The reality of real world testing is that the bubble network will only get you so far. another scenario, you want to run an end to end test but the rdbms tier of your application is not in a VM its on say a large AIX box, you cannot access that rdbms via the bubble network and you cannot put the rdbms inside the bubble as its not a virtual machine, your going to need an actual test/isolated set of vlans creating that you can not only connect your test VM's to but also other platforms (mainframe/unix etc).

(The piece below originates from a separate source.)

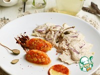Описание: Холодная закуска из куриного филе с соусом из тунца и икрой из овощей по мотивам телятины "Вителло тоннато". Одна из любимых нами закусок. Очень вкусно, готовится совсем просто и на праздничном столе займет достойное место. Можно подать как на блюде для домашнего ужина, так и порционно для гостей.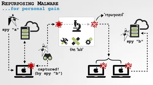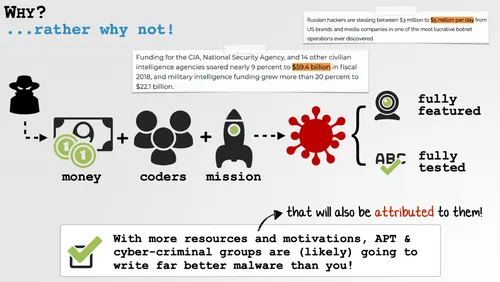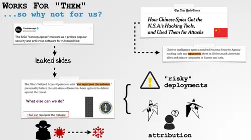 The talk also covered the many benefits of repurposing others' malware; benefits that basically boil down to the fact that various well-funded groups and agencies are creating fully-featured malware, so why not leverage their hard work ...in a way, that if discovered, will likely be (mis)attribute back to them?

The whole concept of DR networking / test networking is not really an SRM discussion its an architecture decision that customers make and the same decisions would have to be made were you using physical machines or virtual machines, it comes up in SRM converation a LOT though so what kind of questions are customers revisiting:
- whats our strategy for failover? change ip addresses / keep same address?
- do we stretch layer2 vlan?
- do we failover layer 3?
- how do we update DNS if we make changes? is that scripted?
- do we need a secure test set of vlans created at the test site that can be used for DR testing? do these exist?
- if we do re-ip do we have an existing mechanism/solution/set of scripts/dhcp reservations that do this for us (if you do then these same techniques will almost certainly work unaltered against your VM's)
- does SRM offer any other options for re-ip if we don't have an existing mechanism (yes it does!)
once you can answer the above you then will have a better idea of what your solution should look like. customers i am working with now that are deploying SRM and have answered this usually then come back with a simple addition to their network setup. they create the required vlans at the network layer, ensure they have the correct routing / ACL's set etc and then they present these down the same trunk ports that the recovery site ESX hosts are using. once this is done they can then create portgroups for these new test vlans and finally in their SRM recovery plans they now select these "test" portgroups as the ones to use for the test network rather than the "Auto" default.
hope that helps.
Yes Smoggy's response was excellent.
So how many of you have "extended down the trunk" to allow a more thorough testing of you Disaster Recovery testing. Any other methods of validation?
I'm scheduled to perform a test on the 19th of December. We are doing just this to try to really capture that we have a valid solution in place.
David Abowitt, VCP